A Beginner’s Guide To Choosing A Savings

Know Your Needs:


Choosing the right savings account is like choosing the right tools when building something – it’s important to know what you want to build before you can pick the right tools for the job. So we put together a little starter guide to help you get thinking along the lines of what your goals are and what kinds of savings accounts could help you achieve them in the long term.

Short-Term Savings:


Different savings accounts have different notice periods (waiting times for you to be able to withdraw your funds) – therefore it’s important for you to decide if you’ll be needing your savings within the next 5 years or so (the typical time for longer-term savings accounts). Some of the kinds of short-term savings accounts out there:

  • Easily accessible or even instant accounts:

    Pretty good for an ‘emergency savings’ type of account as they often allow you to easily withdraw the money without any penalties or issue.

  • Fixed-term deposit accounts:

    The work well if there is money you absolutely don’t plan on touching for the next few years. Some of them are for a single year or a fixed amount of time during which you will have to pay a penalty if you try and withdraw the money. Their savings rate is typically higher than that of the quick access accounts.

  • Regular savings accounts:

    They come in all shapes and sizes and usually are centred around the premise that you will deposit a fixed sum of money each month. This can really help if you have a budget in mind or something that you need to save towards the following year (like a holiday or a wedding) – you know you will hit your target as long as you keep depositing the set amount monthly.
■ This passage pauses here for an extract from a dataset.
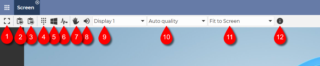 - Screen size β The screen size can be selected from the drop-down list. A value less than 100% means zoom out, a value greater than 100% means zoom in. Fit to screen adjusts the screen of the remote device to the size of the current window.

Generally speaking, the rule goes that the longer you are willing to lock your money or omit to a regular savings deposit, the more favourable interest rate you will receive.

Pay Attention To Tax:

Be aware that there is such a thing as a “tax-free savings allowance” – Cash ISA’s (Individual Savings Accounts) Allow you to save up to a certain amount (roughly £20,000) without paying any tax on the interest you earn.

Medium-Term Savings:


If you can keep your savings locked away for around 2-5 years you’ll probably getter offered higher interest rates on your savings. In this case you could look t fixed-rate bonds and perhaps consider longer-term time periods on your chosen savings account.

Whilst the interest rates are often higher, make sure to be aware of any potential downsides. Often with these kinds of savings accounts the provider will not allow any withdrawals (within the allotted time frame) or sometimes not even any additional deposits. Sometimes open one of these accounts is conditions upon you also open a current account with the provider – something which may not suit your needs.

Be sure to shop around first and utilise your cash ISA limit first as it may actually give you the best rate available!

Long-Term Savings:


Whilst all the options mentioned above are also available for longer time periods (simply don’t withdraw your money!) there is another set of options for the longer term.

If you are willing to keep your money tied up for 5+ years, investing – whilst riskier than a mere savings accounts – can pay out much larger returns. The golden rule is you shouldn’t invest anything that you aren’t willing to take a loss on.

Stocks and shared ISAs allow you to keep the returns you make without paying tax – the risk is that you are invested in stocks and shares that could go down instead of just being invested in a bank.

There are a myriad of other options in the world of investment out there, but we recommend you seek unbiased, professional advice when looking at the options that can best suit your individual risk and financial needs.